*** EXTRACTED INFORMATION
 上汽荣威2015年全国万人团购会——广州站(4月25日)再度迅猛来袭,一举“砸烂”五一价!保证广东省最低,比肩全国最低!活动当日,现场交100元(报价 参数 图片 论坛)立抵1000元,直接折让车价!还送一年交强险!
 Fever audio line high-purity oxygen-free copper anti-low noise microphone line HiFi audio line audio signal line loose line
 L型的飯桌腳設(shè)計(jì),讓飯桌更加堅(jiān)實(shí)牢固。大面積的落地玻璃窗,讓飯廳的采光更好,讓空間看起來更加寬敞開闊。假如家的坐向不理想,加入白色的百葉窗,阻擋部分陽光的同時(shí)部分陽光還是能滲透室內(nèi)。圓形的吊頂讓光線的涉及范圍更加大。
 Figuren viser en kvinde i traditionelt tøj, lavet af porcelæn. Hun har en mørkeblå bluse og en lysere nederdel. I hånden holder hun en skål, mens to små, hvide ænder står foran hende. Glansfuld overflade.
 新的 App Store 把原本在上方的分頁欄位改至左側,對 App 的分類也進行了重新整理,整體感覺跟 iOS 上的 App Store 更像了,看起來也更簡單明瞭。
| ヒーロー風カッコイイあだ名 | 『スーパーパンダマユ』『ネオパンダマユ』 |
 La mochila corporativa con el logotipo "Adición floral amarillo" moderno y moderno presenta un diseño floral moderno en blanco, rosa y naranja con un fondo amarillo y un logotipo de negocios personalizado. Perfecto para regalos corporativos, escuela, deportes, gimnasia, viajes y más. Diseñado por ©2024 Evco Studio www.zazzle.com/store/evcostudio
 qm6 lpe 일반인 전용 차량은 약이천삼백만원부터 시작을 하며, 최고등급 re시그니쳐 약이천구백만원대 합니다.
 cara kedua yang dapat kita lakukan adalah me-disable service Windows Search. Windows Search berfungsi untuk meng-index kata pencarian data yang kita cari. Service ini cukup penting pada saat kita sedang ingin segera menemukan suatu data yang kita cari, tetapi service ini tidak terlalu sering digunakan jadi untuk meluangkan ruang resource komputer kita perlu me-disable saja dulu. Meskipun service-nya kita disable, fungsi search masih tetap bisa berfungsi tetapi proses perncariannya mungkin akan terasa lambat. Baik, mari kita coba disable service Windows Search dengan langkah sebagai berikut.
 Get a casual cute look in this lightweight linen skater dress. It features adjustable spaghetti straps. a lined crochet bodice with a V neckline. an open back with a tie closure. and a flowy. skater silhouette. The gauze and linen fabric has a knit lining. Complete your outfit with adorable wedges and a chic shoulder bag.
******
*** EXTRACTED INFORMATION
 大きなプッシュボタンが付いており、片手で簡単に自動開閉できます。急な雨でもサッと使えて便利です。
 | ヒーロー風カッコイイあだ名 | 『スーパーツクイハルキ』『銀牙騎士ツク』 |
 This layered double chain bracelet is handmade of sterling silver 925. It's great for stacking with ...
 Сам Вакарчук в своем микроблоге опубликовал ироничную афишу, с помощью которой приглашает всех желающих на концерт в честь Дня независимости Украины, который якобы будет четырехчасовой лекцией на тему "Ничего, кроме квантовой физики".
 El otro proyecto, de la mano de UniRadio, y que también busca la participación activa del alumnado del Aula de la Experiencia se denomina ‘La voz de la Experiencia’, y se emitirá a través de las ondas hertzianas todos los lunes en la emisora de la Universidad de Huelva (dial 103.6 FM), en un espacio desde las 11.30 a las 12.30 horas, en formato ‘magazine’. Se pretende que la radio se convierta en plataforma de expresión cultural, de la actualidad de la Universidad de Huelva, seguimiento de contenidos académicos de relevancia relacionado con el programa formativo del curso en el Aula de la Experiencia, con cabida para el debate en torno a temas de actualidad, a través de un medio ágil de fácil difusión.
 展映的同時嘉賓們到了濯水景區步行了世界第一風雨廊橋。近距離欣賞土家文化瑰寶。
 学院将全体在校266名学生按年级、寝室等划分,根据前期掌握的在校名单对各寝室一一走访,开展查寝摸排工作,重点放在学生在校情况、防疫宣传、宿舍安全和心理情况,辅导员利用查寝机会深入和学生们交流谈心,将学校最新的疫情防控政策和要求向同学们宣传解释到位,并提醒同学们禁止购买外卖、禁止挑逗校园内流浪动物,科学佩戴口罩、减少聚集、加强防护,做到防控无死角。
******
*** EXTRACTED INFORMATION
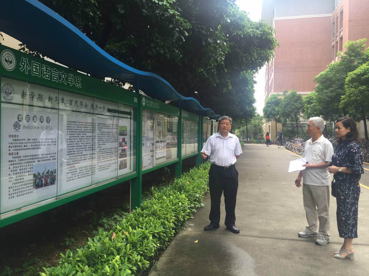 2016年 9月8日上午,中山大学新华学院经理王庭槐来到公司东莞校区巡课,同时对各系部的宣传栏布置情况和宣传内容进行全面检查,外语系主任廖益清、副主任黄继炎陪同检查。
******
## [WORK INSTRUCTIONS]
Among the lines above, count those containing the word "with" and give nothing but the result.

## [EXERCISE RESULT]
2